Protein-coding gene in humans

The common gamma chain (γ_{c}) (or CD132), also known as interleukin-2 receptor subunit gamma or IL-2RG, is a cytokine receptor sub-unit that is common to the receptor complexes for at least six different interleukin receptors: IL-2, IL-4, IL-7, IL-9, IL-15 and interleukin-21 receptor. The γ_{c} glycoprotein is a member of the type I cytokine receptor family expressed on most lymphocyte (white blood cell) populations, and its gene is found on the X-chromosome of mammals.
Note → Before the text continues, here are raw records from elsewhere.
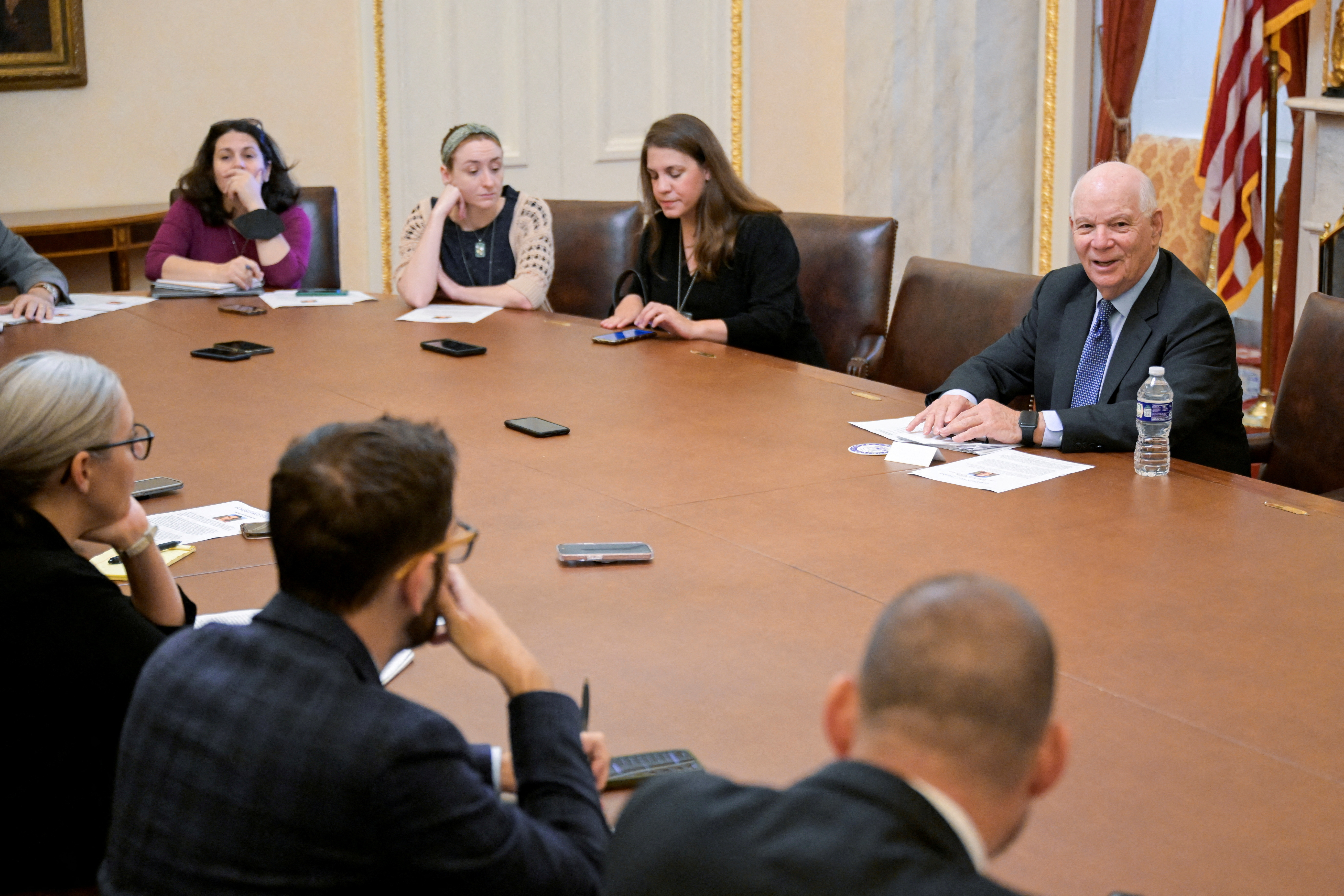 美国参议员本·卡丁(D-MD)在华盛顿国会山就任参议院外交关系委员会主席之前对记者发表讲话,2023年9月28日,美国华盛顿。路透社/Craig Hudson/文件照片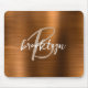 Este elegante mouse personalizado apresenta um monograma e primeiro nome em bege moderno e roteiro branco em um fundo de metal piscado laranja queimado em tendências.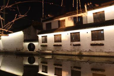 Keywords: night view the scenery zhouzhuang reflection water building houses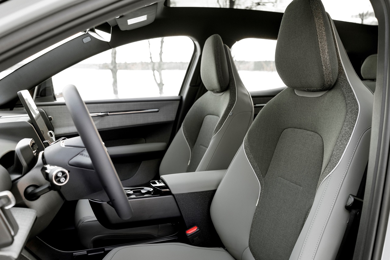 Notranjost ostaja zvesta minimalističnemu Volvovemu oblikovanju. Osrednji 12,3-palčni zaslon multimedijskega sistema, ki temelji na operacijskem sistemu Google OS, je postavljen navpično. Oblikovalci so optimizirali shranjevalne rešitve – odstranili so zvočnike iz vratnih plošč in jih vgradili v zvočno vrstico na armaturni plošči, osrednji tunel med voznikom in sovoznikom pa se lahko izvleče kot držalo za skodelico. Pod sredinsko konzolo je dodaten velik shranjevalni prostor.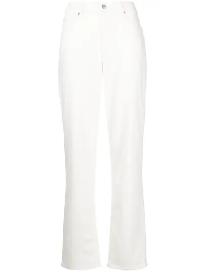 ecru stretch-cotton logo patch to the rear high-waisted front button and zip fastening classic five pockets belt loops straight leg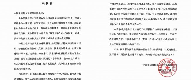近日,由中建八局总承包公司承建的中国移动长三角(芜湖)数据中心二期项目顺利通过竣工验收。项目作为国家“东数西算”战略布局的重要节点,全面转入试运行阶段。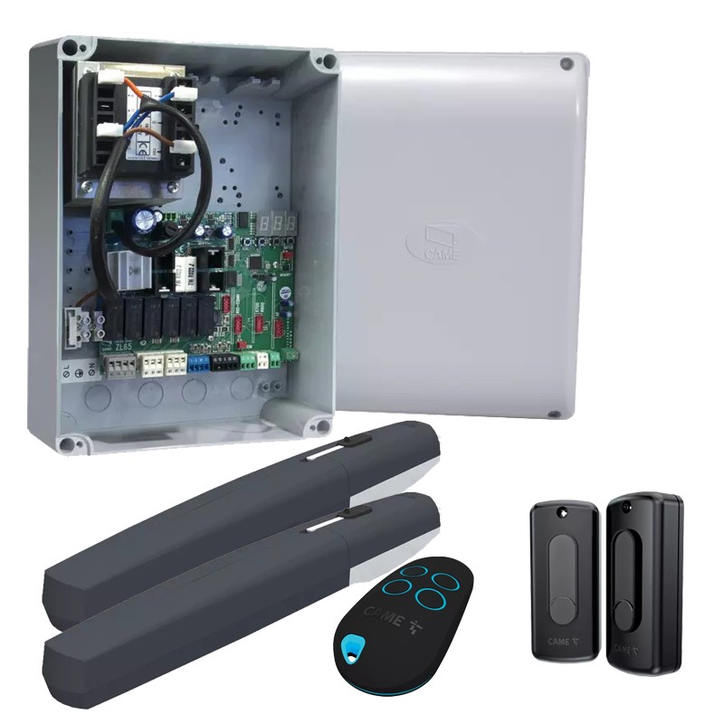 Le CAME 8K01MP-015 est un kit complet de motorisation AXI 24V pour portail battant, livré avec moteurs, centrale de commande, 1 télécommande et 2 cellules de sécurité, idéal pour un usage résidentiel durable.

This protein is located on the surface of immature blood-forming cells in bone marrow. One end of the protein resides outside the cell where it binds to cytokines and the other end of the protein resides in the interior of the cell where it transmits signals to the cell's nucleus. The common gamma chain partners with other proteins to direct blood-forming cells to form lymphocytes (a type of white blood cell). The receptor also directs the growth and maturation of lymphocyte subtypes: T cells, B cells, innate lymphoid cells, and natural killer cells. These cells kill viruses, make antibodies, and help regulate the entire immune system.

== Gene ==
Cytokine receptor common subunit gamma also known as interleukin-2 receptor subunit gamma or IL-2RG is a protein that in humans is encoded by the IL2RG gene. The human IL2RG gene is located on the long (q) arm of the X chromosome at position 13.1, from base pair 70,110,279 to base pair 70,114,423.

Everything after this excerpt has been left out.